Hedi was a “no show” film.  Instead, the closing film for Sunday night was shown in its place (but more on that later…).  To make up for that disappointment, Sunday’s screening of 1948: Creation and Catastrophe was a spectacular look into a year that was instrumental in setting the tone for Israeli Palestinian relations for years to come.  What got set into motion almost seven decades ago, still has a bearing on our world political stage today.  Andy Trimlett and Ahlam Muhtaseb explored and worked on this topic for over a decade resulting in a hard-hitting historical documentary.

It’s a matter of record that the Palestinians who were dispossessed, were never able to go back.  To this day, there are refugee camps in Syria and Lebanon that still house uprooted people from Palestine (this prior to the Syrian crisis).  Little has changed in the seven decades since 1948—In fact, things have gotten worse in many ways--a wall was built, checkpoints were set up, and home invasions continue…  It is an occupation, but “people don’t talk about it.”

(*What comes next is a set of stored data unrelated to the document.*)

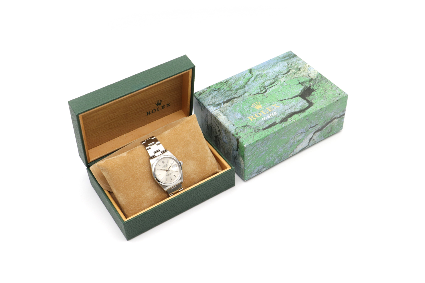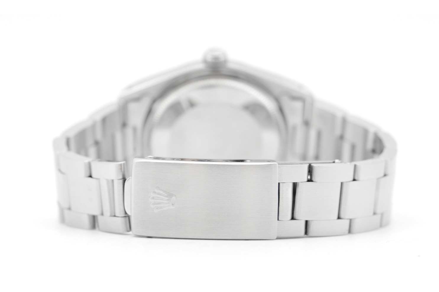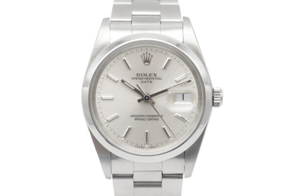 Description : Montre Rolex Oyster Perpetual Date en acier référence 15000 de 1989. Boitier 34mm, cadran silver légèrement pâtiné, index bâtons. Bracelet Oyster. Mouvement automatique, calibre 3035.
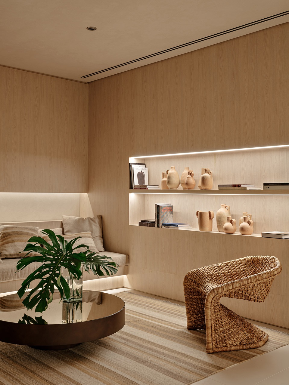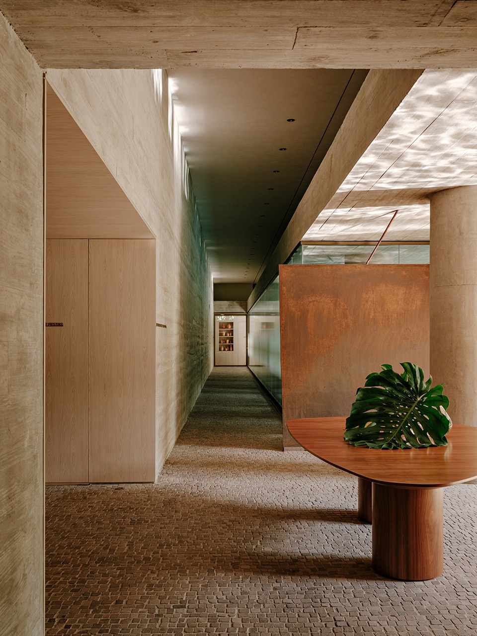 室内延续了整体材料语言,通过大量使用混凝土、木材、玻璃以及暖色金属,保持空间表达的连续性。木饰面被用来隐藏技术性门扇,并引导室内流线。家具陈设精选了多位巴西现代与当代设计师的经典作品,包括Jorge Zalszupin、Carlos Milan、Marcelo Magalhães、Guilherme Wentz、Lattoog以及Arthur Casas本人设计的作品。其中的亮点包括+55design出品的Soft扶手椅,以及Herança Cultural的Square餐桌。
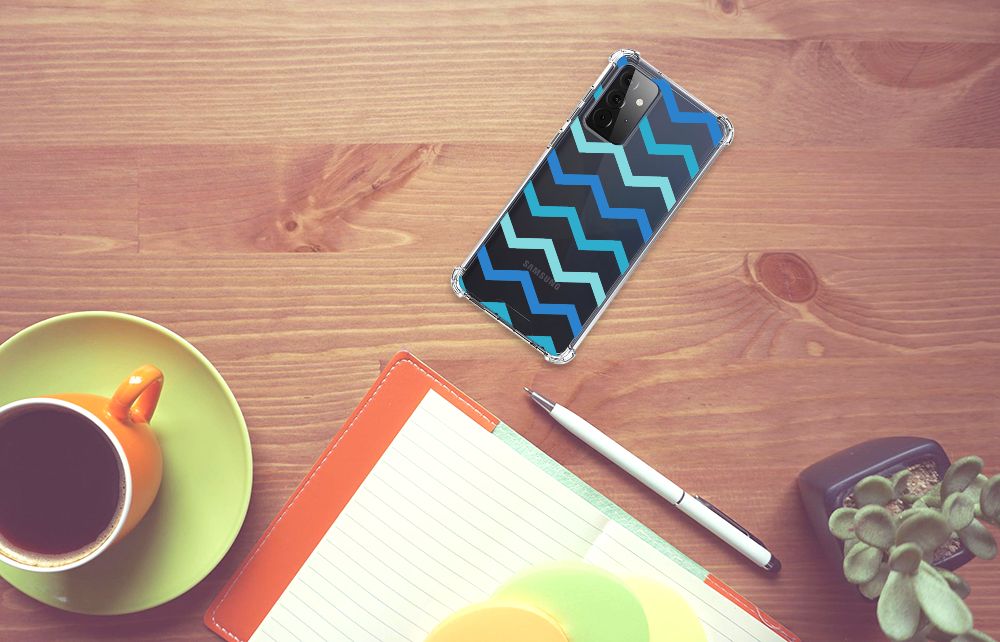 Samsung Galaxy A72 4G/5G Doorzichtige Silicone Hoesje Zigzag Blauw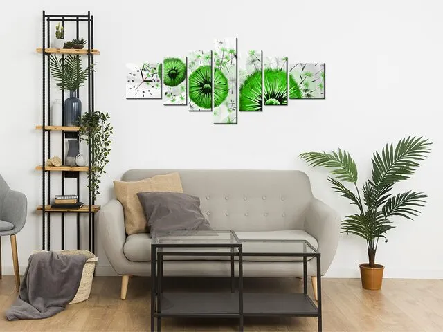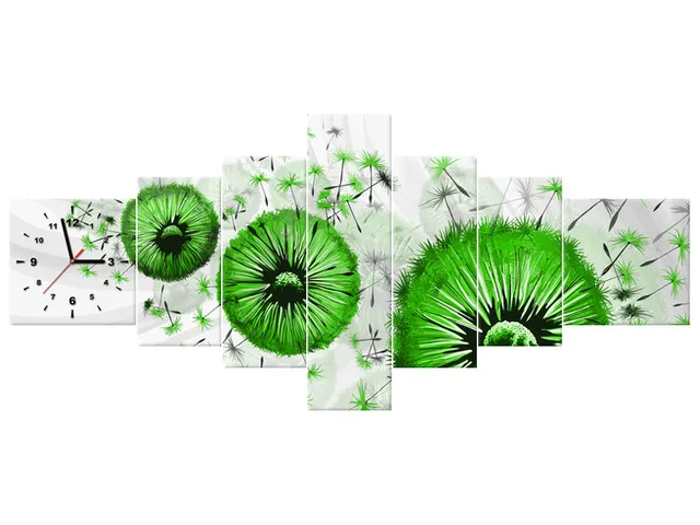 Úvod » Obrazy » Obrazy s hodinami » Zelené púpavy 4 Obraz s hodinami

The screening was packed—it was incredibly well attended.  Just as the Jewish population doesn’t want anyone to forget the holocaust, the Palestinian population does not want anyone to forget what happened in 1948.

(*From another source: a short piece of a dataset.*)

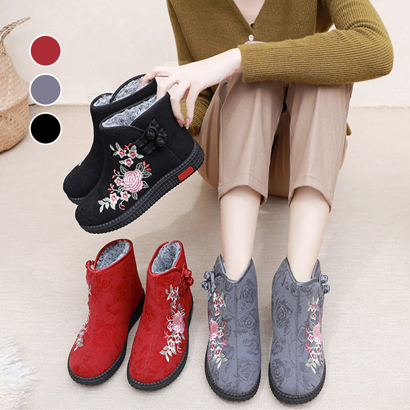 🔥Siste dag med 50 % rabatt – håndbroderte, varme bomullsstøvler for kvinner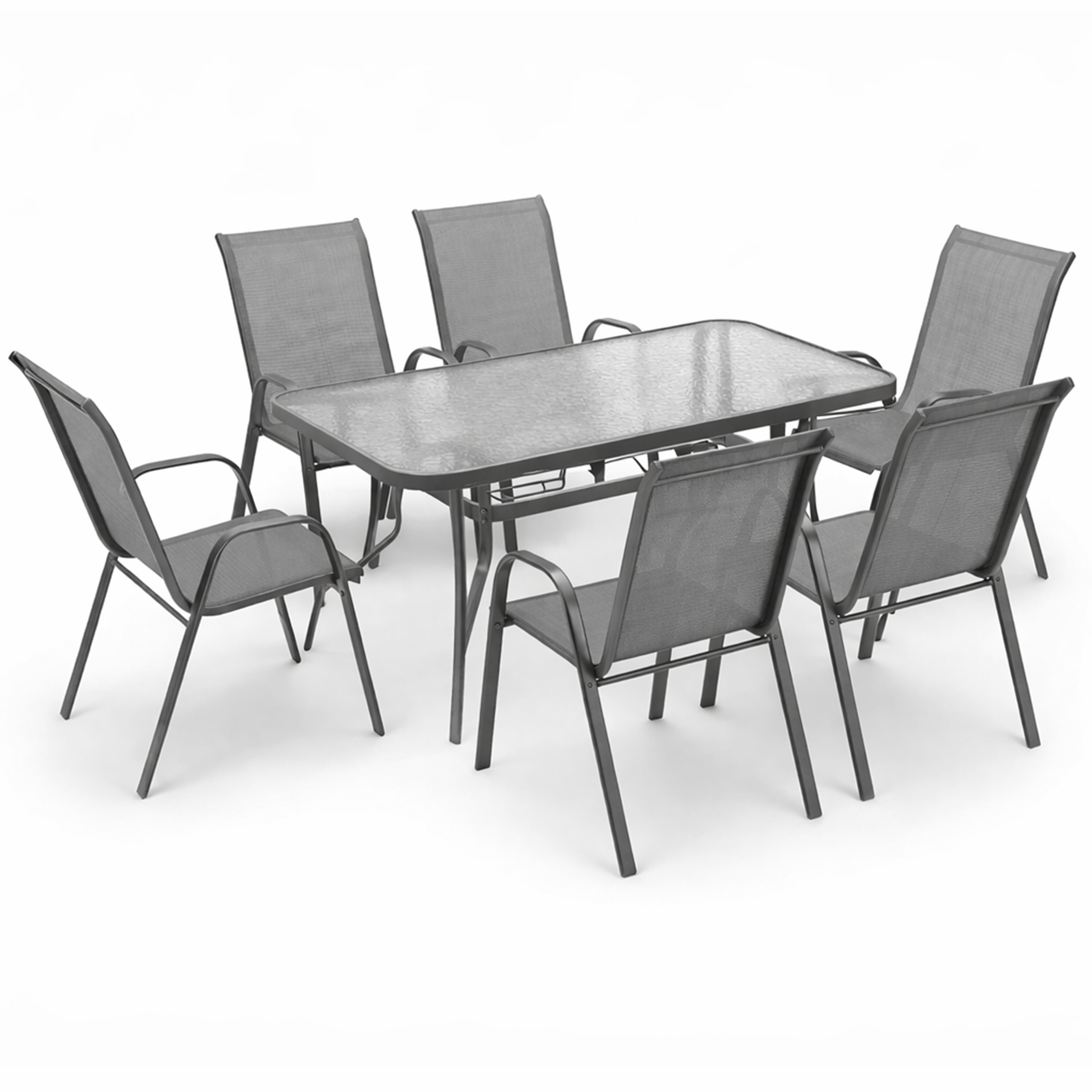 6x Krzesło MINORKA II SZARE + Stół MAJORKA TRIO 120×70 SZARY

The program of shorts was a mixed bag.  There were some really good pieces and there were some awkward pieces.  Worth mentioning for content and interesting ways to visually convey messages—Fireflies (directed by Raouf Zaki), Here You Are (directed by Tyma Hezam), and One Minute (directed by Dina Naser).  They all deal with war and refugee status.  Fireflies, for instance, is the story of a Middle Eastern man who visits a café on a regular basis.  He has witnessed war and is now a refugee.  However, the waiter gets suspicious…

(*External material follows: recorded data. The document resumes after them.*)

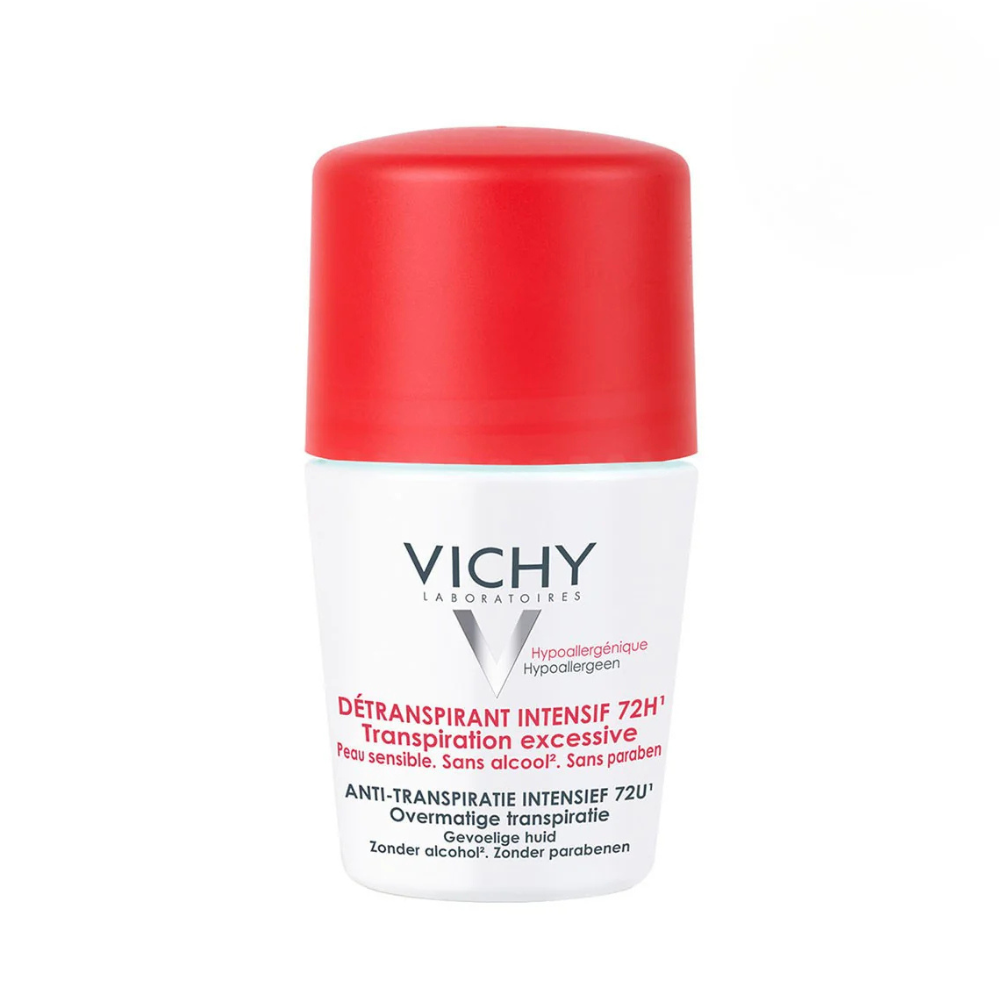 El Desodorante roll-on de Vichy ofrece una protección duradera de hasta 72 horas para hombres y mujeres con una sudoración excesiva, manteniendo las axilas frescas y secas, sin dejar residuos, incluso en momentos de estrés.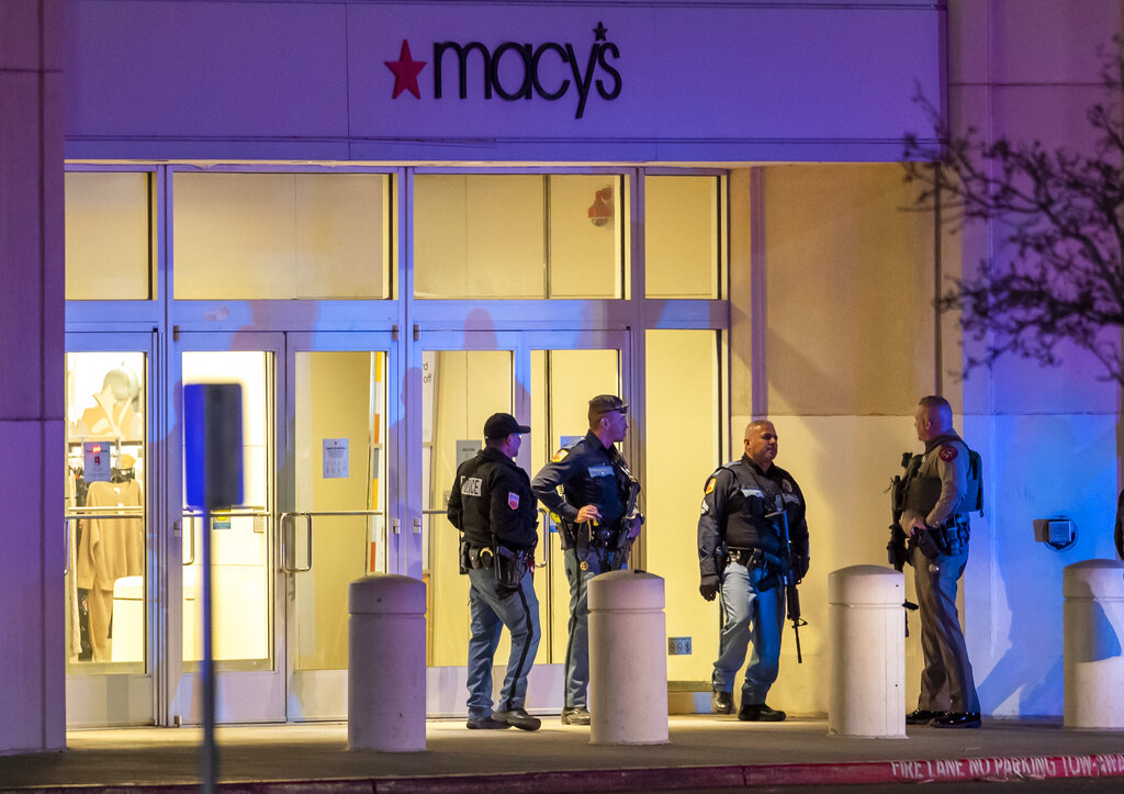 Agentes de la policía vigilan la entrada de un centro comercial tras un tiroteo masivo en El Paso, Texas. Foto: Andrés Leighton, AP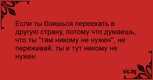 Если ты боишься переехать в другую страну, потому что думаешь, что ты "там никому не нужен", не переживай, ты и тут никому не нужен.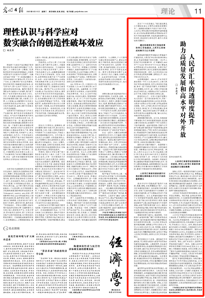9月19日,《光明日报》理论版刊发浦京集团官网副校长李建军教授题为《人民币汇率的透明度提升助力高质量发展和高水平对外开放》的署名文章。文章指出:高质量发展离不开高水平对外开放,人民币汇率形成机制的规则性和透明度建设,成为促进高质量发展和全面推进高水平对外开放的重要保障,亦是我国积极参与全球治理、推动经济全球化进程、提升人类福祉的关键抓手。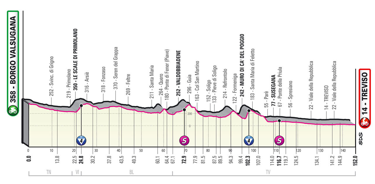 Una sola stella di difficoltà per un tracciato che sembra la quiete dopo la tempesta di quattro tappe ricche di GPM e fatica. Salite moderate, l’ultima quarantina di chilometri in lieve discesa verso Treviso sarà sicuramente quella in cui ci sarà lo strappo finale per la vittoria della tappa.

Here You Are combines text and trance in an experimental piece that attempts to explain the refugee state of mind.  Likewise, One Minute experimentally uses the medium of film to help us feel what it is like to experience bombings and war in Gaza.  Though short, they share the common trait of all good works—the message comes across effectively.

And yet another surprise film from Egypt/France/Qatar—Ali, the Goat and Ibrahim.  This film seemed to be loud and obnoxious in the beginning.  Once the initial set-up was over, it became clear that it was a brilliant film with multiple layers.  Mainly, it was about friends from the ‘hood—the poor part of town.  Ali is a simple guy who is in love with a goat!  Ibrahim records ambient sounds.  One of the layers in this movie is sounds and their role in our lives.  Besides that layer, this is another example of excellent visuals and production values of the highest caliber.

Directed by Sharif El-Bindari, the writing credits go to Ahmed Amer and Ibrahim El-Batout.  Though all the performances in this movie are stellar, the main parts are played by Ali (Ali Subhi), Ibrahim (Ahmad Magdi), Nousa (Salwa Mohamed Ali), and Sabah (Nahed El Sebai).

Did I mention multiple metaphors?  There are stones (three in number) and water (the three bodies of water close to Egypt).  But the film is about so much more.  It is a buddy film about friendship.  It is also a road trip film.  Then, sound gets used as a weapon in the form of a sonic boom.  Finally, it is also a story about community.  A heartwarming story with a lot of soul--this film fits in the “do not miss” category.

All in all, a very satisfying experience.  The film selection in this festival was interesting because of the diversity and the depth.  If this is any indication of what the future holds, 2018 should be a great festival too.

Mukul Khurana writes about art and culture in San Diego—especially about film and theater.